THE ONLY POLITICAL UNCERTAINTY these days is if the Prime Minister, Dato' Seri Abdullah Ahmad Badawi, or the deputy prime minister, Dato' Seri Najib Tun Razak, would win this coming clash of the UMNO pygmies. The clash is not over issues or policy or Malaysia's future direction but of who controls UMNO and the near absolute power it gives him. UMNO's dominance in Malaysian politics has lasted one year short of five decades. This invincible position ignored, in time, the views of others, even critics within, and a worldview that the Opposition could be safely ignored. The 1969 racial riots changed all that. The constitutional and political changes made UMNO invincible in government. But the leaders used it for personal power and control. Dissent is dealt with harshly. When an opposition party shows its teeth and threatens its continued hold, its leaders were carted off to detention without trial.

For this to continue, the UMNO leadership must be united behind its president. He must rule with an iron hand. This autocratic rule characterised the BN government in the centre and the state. Parliament and the state assemblies were ignored, as policies and law were forced down the throats of Malaysians. Public concerns were ignored, and addressed only when and where the Opposition was strong.

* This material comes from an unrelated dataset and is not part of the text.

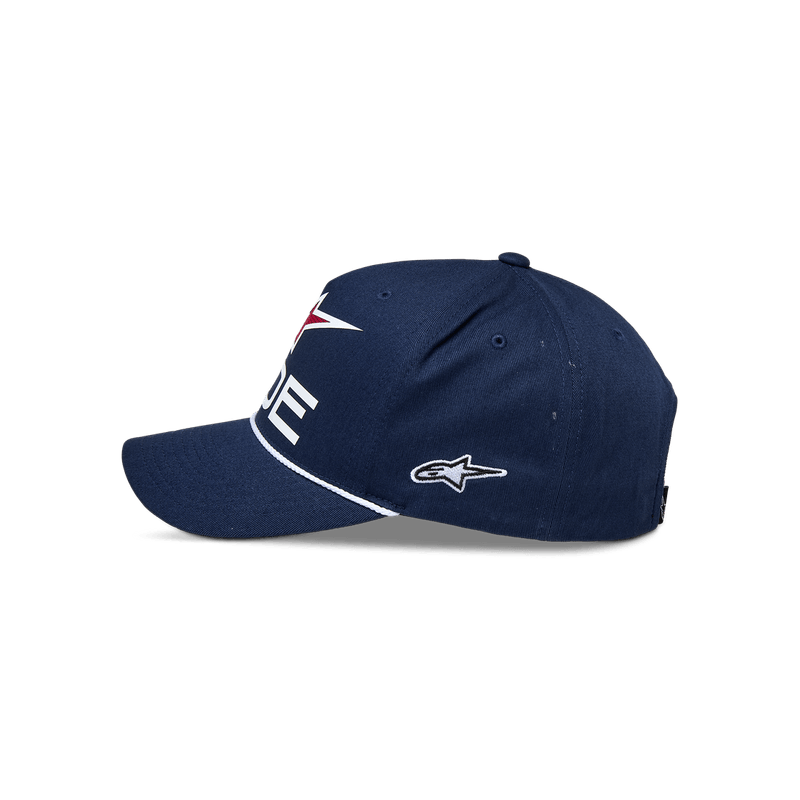 • Logotipo Astars Ride en 3D en la parte frontal, con logotipo lateral bordado plano y ribete de cuerda trenzada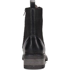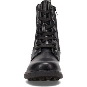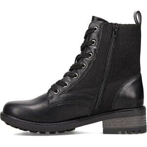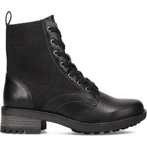 "Stand out from the crowd in this incredibly comfy and stretchy lace-up combat boot. Stretch fly knit upper with microsuede or faux leather accents, round toe, inside nylon zipper, lace-up front, back pull tab, and lug outsole. Toe box and heel counter crafted with recycled materials.

For such a system to succeed, UMNO needs strong leaders. The success of the constitutional and political changes after the 1969 riots depended on strong UMNO presidents. The dramatic changes in Tun Mahathir Mohamed's 22 years as Prime Minister and UMNO president could not hold if his successor was not as dominant. He is not.

UMNO changes directions not that it needs to, but that its President wants it. But Tun Mahathir overestimated his own hold over UMNO and the government when he sacked, jailed and humiliated his deputy, Dato' Seri Anwar Ibrahim, who took to the streets. A more powerful UMNO figure, the late Dato' Harun Idris, tried it when he was arrested for corruption and misuse of power when mentri besar of Selangor. He went to jail and disappeared into the wilderness. Even Tengku Razaleigh Hamzah's revolt took him nowhere. Dato' Seri Anwar's did, and he emerged stronger than when he went in. The middle class, fed up with being held to ransom by UMNO and BN, took to the streets. Dato' Seri Anwar unleashed a revolution which frightened UMNO. He judged the ground mood was such that it would question UMNO as never before.

The opposition he unleased within UMNO and amongst the middle class puts Pak Lah in fear of his position. Within UMNO, the winner takes all. If they do not accept it, they are forced out or held to ransom by an mind-boggling array of legal and political actions. But Pak Lah cannot afford to. The ground rules have changed. His opponents are prepared to stand out and be counted. His chief opponent is Dato' Seri Najib, whose legitimacy comes from the middle class force Dato' Seri Anwar unleashed. He and Pak Lah are at daggers drawn. But they are pawns: Pak Lah by his own advisers and family and Dato' Seri Najib by the hidden hand of Tun Mahathir. There is talk, which aides of both deny, of a rapprochement between the Pak Lah forces and Dato' Seri Anwar's. This deep division in UMNO is all but impossible to repair.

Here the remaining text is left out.